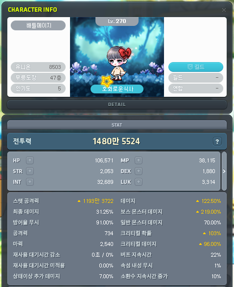 지금은 스탯 3.26, 전투력 1480만이네요. 그동안 발전이 크게 없기는 했습니다.
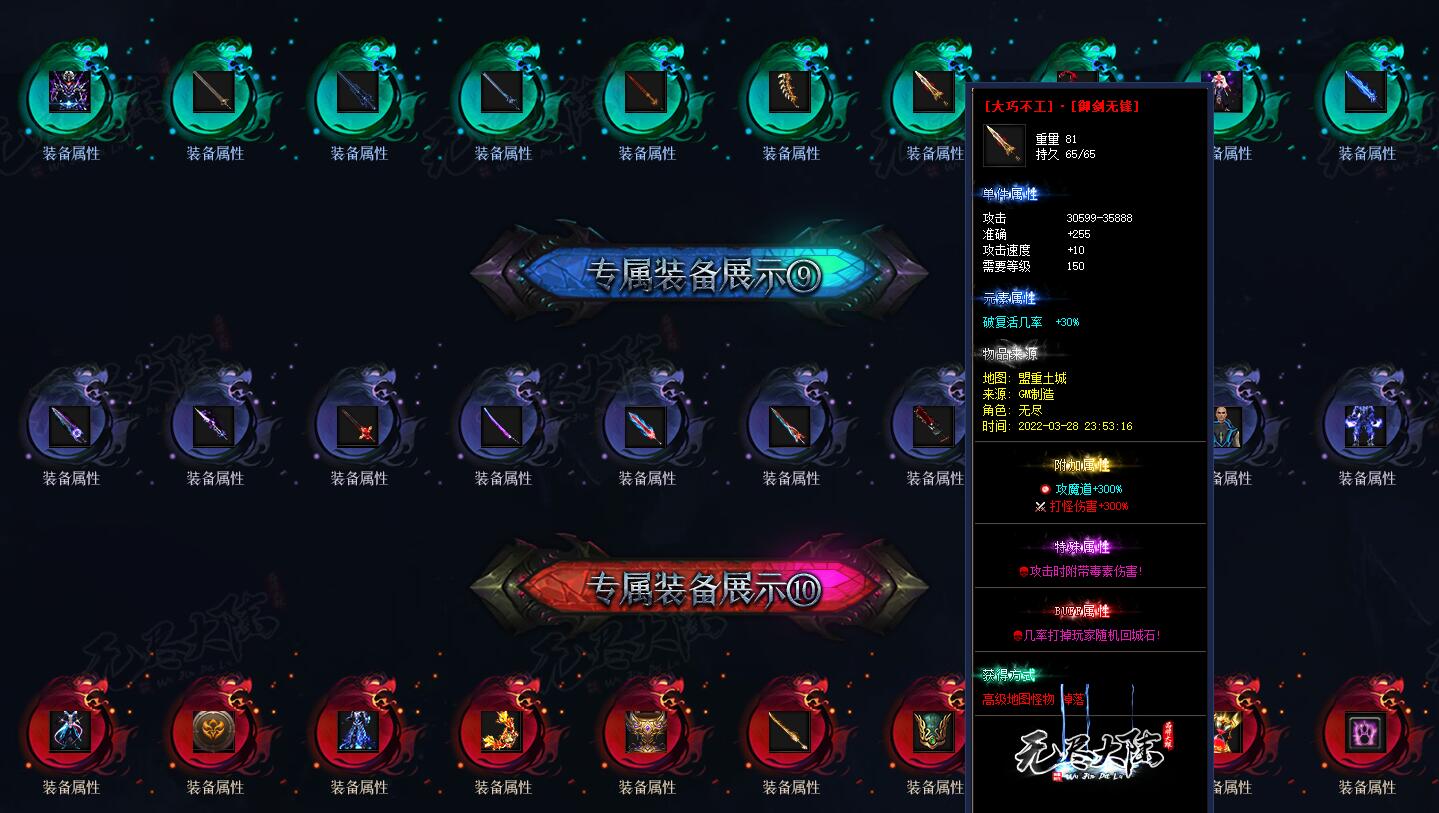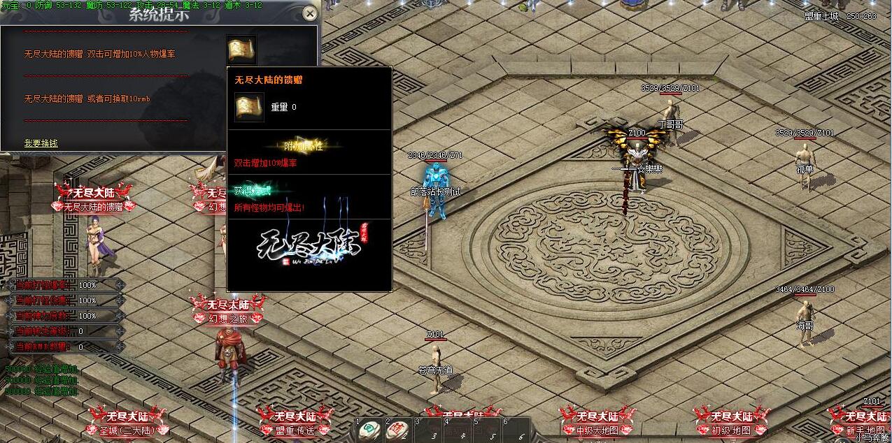 [金之印章]·【天选之人】物品: 放置背包生效: 打怪爆率+200% 1%的几率直接秒杀所在当前地图所有怪物(使所有怪物超级大爆)!
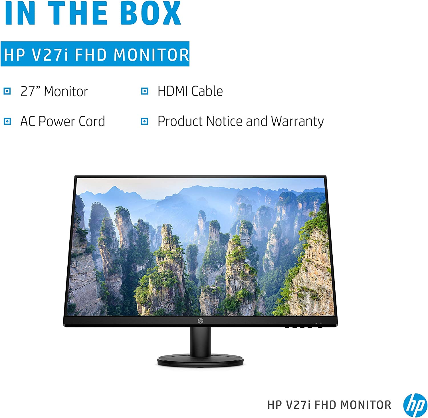 HP V27i FHD Monitor | 27-inch Diagonal Full HD Computer Monitor with IPS Panel and 3-Sided Micro Edge Design | Low Blue Light Screen with HDMI and VGA Ports | (9SV92AA#ABA) Black
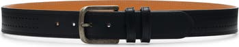 Bands of shallow perforations bring pattern and dimension to a belt made of burnished Italian leather and styled to elevate any casual look.
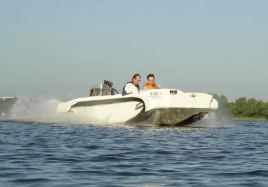 Two and a half years of land and water testing have proven the concept. FastTrack 1 has pulled two water skiers. It has gone from a standstill to 27 mph with six people on board, and to 39 mph with one.
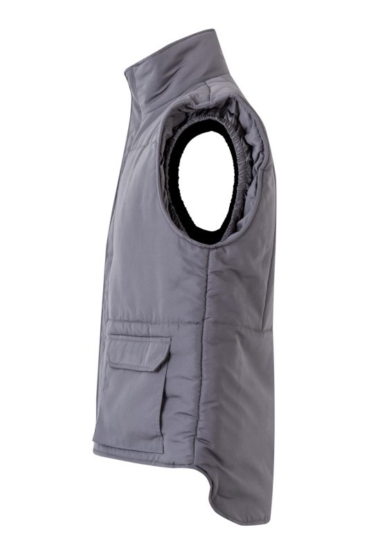 Chaleco acolchado de trabajo con cierre de velcro, cortavientos en sisas y múltiples bolsillos funcionales. Ideal para climas fríos.
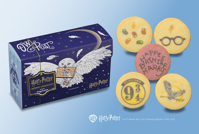 「<ヘドウィグ>スイーツギフト(10個入)」は、価格1000円(税込1080円)で、1月30日から2月下旬頃まで販売。ハリー・ポッターの相棒「ヘドウィグ」をデザインしたスイーツギフトボックスで、「バースデーケーキ」や「バーティー・ボッツの百味ビーンズ」など、物語に登場するアイテムをプリントしたクッキーをアソートしている。
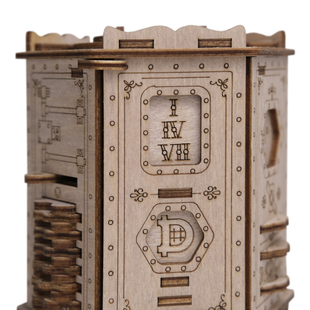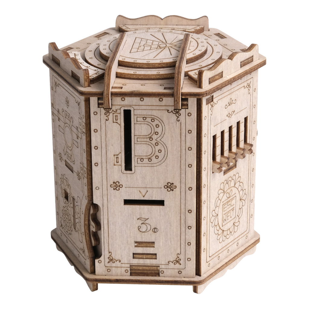 Rejtélyek és páncélszekrények világa 73 precízen vágott elemből. Előbb megépíted a masszív „trezort”, majd kódokat, mechanizmusokat fejtve jutsz a 9×9×4 cm-es titkos rekeszhez. A történet Al Capone legendás érméjéhez kapcsolódik – a hangulat garantált, akár egy miniszabadulószoba az asztalon. Nincs szükség ragasztóra, a csapolt kötésektől a szerkezet feszes és újrajátszható. A részletes képes útmutatóhoz QR-es súgó is tartozik. Haladóknak ajánlott, magas nehézségű modell és fejtörő egyben; kreatív ajándékdobozként is sziporkázik. EU-gyártás, természetes nyírfa.
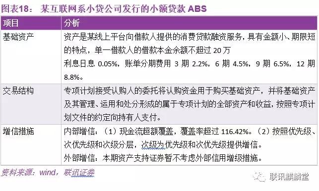 互联网系小贷公司是近年来发展势头非常迅猛的一种消费信贷ABS,根据不完全统计,目前尚处存续期的消费信用ABS中,互联网系有94个,平均规模25亿,以某互联网小贷公司的小额贷款ABS为例:
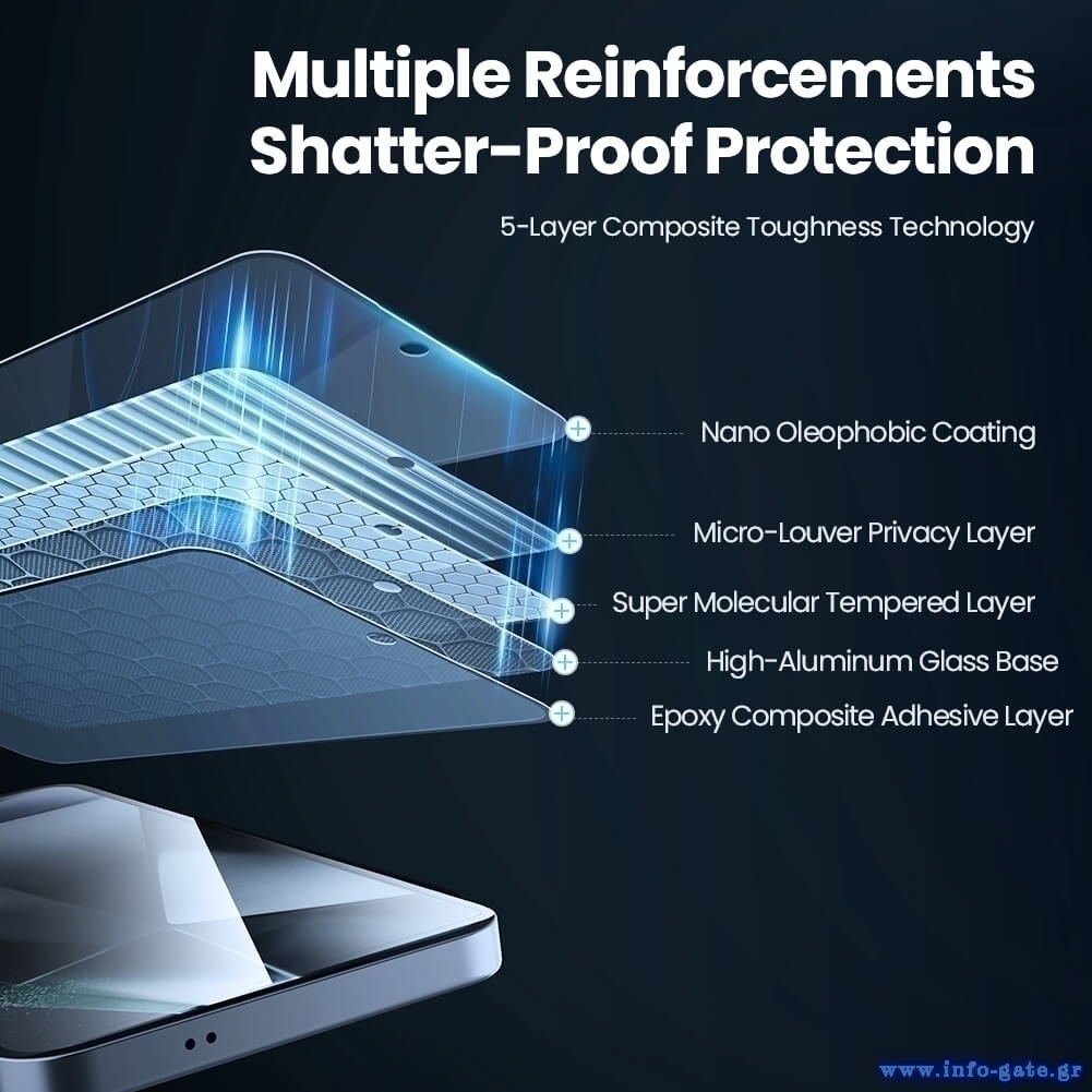 Τα tempered glass της σειράς Guardian Full Coverage Privacy καλύπτουν όλη την οθόνη και την από γρατζουνιές και γδαρσίματα. Ενισχύουν την ιδιωτικότητα σας, καθώς αποκρύπτουν το περιεχόμενο της συσκευής από πλάγια προβολή. Έχουν τέλεια εφαρμογή στην οθόνη, είναι εξαιρετικά διάφανα, με καμπυλωμένο φινίρισμα 2.5D και ελαιοφοβική επίστρωση η οποία απωθεί τις δαχτυλιές. Υποστηρίζουν τεχνολογία anti-burst για την αποφυγή εξάπλωσης των θραυσμάτων σε περίπτωση σπασίματος.
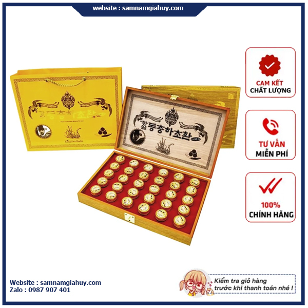 Viên Đông Trùng Hạ Thảo Kanghwa hộp gỗ vàng 30 viên
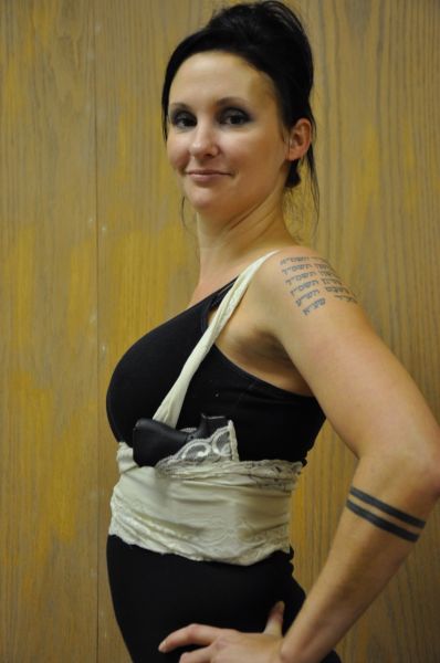 After a couple of car burglaries in her work parking lot, she decided to carry, and realized she was going to have to design a carry system herself to meet her specific needs.

⁂

Give the lines again word for word, from the start of the records to the line holding "互联网系小贷公司是近年来发展", both included, and leave out any picture.

 지금은 스탯 3.26, 전투력 1480만이네요. 그동안 발전이 크게 없기는 했습니다.
 [金之印章]·【天选之人】物品: 放置背包生效: 打怪爆率+200% 1%的几率直接秒杀所在当前地图所有怪物(使所有怪物超级大爆)!
 HP V27i FHD Monitor | 27-inch Diagonal Full HD Computer Monitor with IPS Panel and 3-Sided Micro Edge Design | Low Blue Light Screen with HDMI and VGA Ports | (9SV92AA#ABA) Black
 Bands of shallow perforations bring pattern and dimension to a belt made of burnished Italian leather and styled to elevate any casual look.
 Two and a half years of land and water testing have proven the concept. FastTrack 1 has pulled two water skiers. It has gone from a standstill to 27 mph with six people on board, and to 39 mph with one.
 Chaleco acolchado de trabajo con cierre de velcro, cortavientos en sisas y múltiples bolsillos funcionales. Ideal para climas fríos.
 「<ヘドウィグ>スイーツギフト(10個入)」は、価格1000円(税込1080円)で、1月30日から2月下旬頃まで販売。ハリー・ポッターの相棒「ヘドウィグ」をデザインしたスイーツギフトボックスで、「バースデーケーキ」や「バーティー・ボッツの百味ビーンズ」など、物語に登場するアイテムをプリントしたクッキーをアソートしている。
 Rejtélyek és páncélszekrények világa 73 precízen vágott elemből. Előbb megépíted a masszív „trezort”, majd kódokat, mechanizmusokat fejtve jutsz a 9×9×4 cm-es titkos rekeszhez. A történet Al Capone legendás érméjéhez kapcsolódik – a hangulat garantált, akár egy miniszabadulószoba az asztalon. Nincs szükség ragasztóra, a csapolt kötésektől a szerkezet feszes és újrajátszható. A részletes képes útmutatóhoz QR-es súgó is tartozik. Haladóknak ajánlott, magas nehézségű modell és fejtörő egyben; kreatív ajándékdobozként is sziporkázik. EU-gyártás, természetes nyírfa.
 互联网系小贷公司是近年来发展势头非常迅猛的一种消费信贷ABS,根据不完全统计,目前尚处存续期的消费信用ABS中,互联网系有94个,平均规模25亿,以某互联网小贷公司的小额贷款ABS为例:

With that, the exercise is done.